Figure 2.

An extended BTB domain binds UBN2 and GATAD2B; NuRD interaction is stabilized by ZNF639.A, volcano plot of protein enrichments in anti-FLAG AP-MS from mESCs expressing endogenous ZBTB2-3xFLAG compared with parental untargeted mESCs. ZBTB2 and partner TFs are indicated in blue, NuRD subunits in red, and HiRA subunits in green.

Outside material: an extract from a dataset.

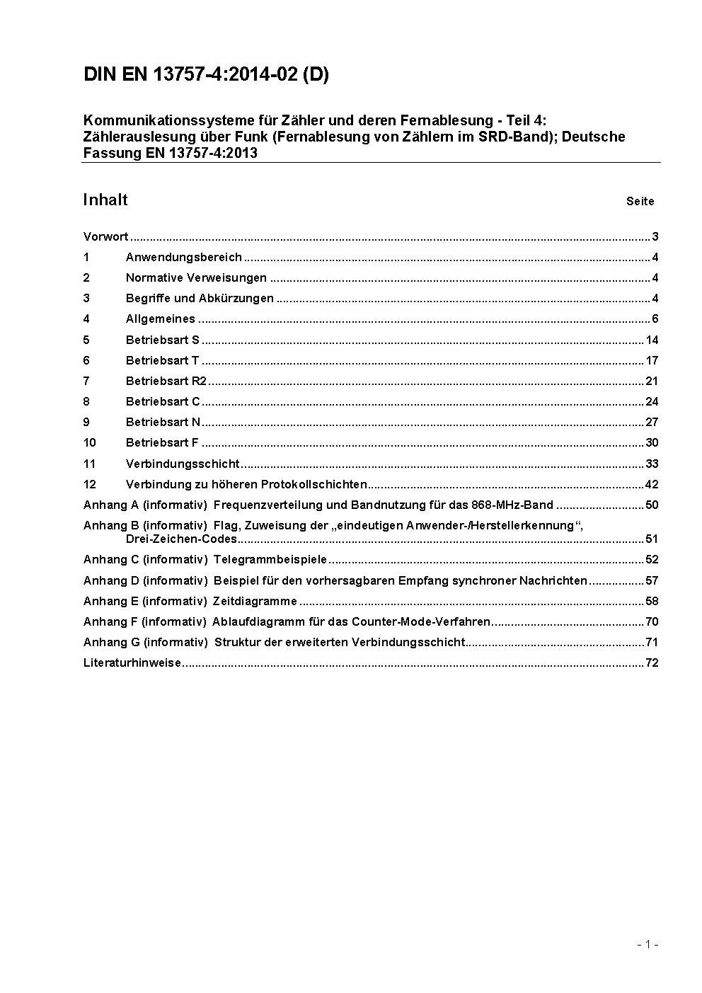 Kommunikationssysteme für Zähler und deren Fernablesung - Teil 4: Zählerauslesung über Funk (Fernablesung von Zählern im SRD-Band von 868 MHz bis 870 MHz); Deutsche und Englische Fassung prEN 13757-4:2003

B, bait-normalized log2 fold-enrichment of ZNF639, HiRA subunits, and NuRD subunits in AP-MS from mESCs overexpressing ZBTB2-AVI alleles with indicated mutations compared with overexpressing WT ZBTB2-AVI. All baits (Table S4) were induced with DOX in Zbtb2^−/−Zbtb25^−/− mESCs. C, diagram of ZBTB2 constructs used for Y2H analysis; plus and minus indicate positive and negative interactions as in panels E and F. D–G, colony growth on SD-Ade/-His/-Trp/-Leu/+X-alpha-Gal/+Aureobasidin A (QDOXA) plates of strains expressing indicated proteins. Bait constructs are vertical (D and E) and horizontal (F and G), and prey constructs are horizontal (D and E) and vertical (F and G). H, volcano plot of protein enrichments in AP-MS of overexpressed ZBTB2-AVI in WT compared with Znf639^−/− mESCs. Color code as in Figure 2A. Dashed lines highlight the difference in NuRD subunit abundance relative to the bait ZBTB2. I, bait-normalized interaction changes as in panel H. ∗p-value < 0.01 and ∗∗p-value < 0.001. AP-MS, affinity purification–MS; BTB, broad-complex, tramtrack, and bric-a-brac; DOX, doxycycline; HiRA, histone regulator A; mESCs, mouse embryonic stem cells; NuRD, nucleosome remodeling and deacetylase; TFs, transcription factors; Y2H, yeast-2-hybrid.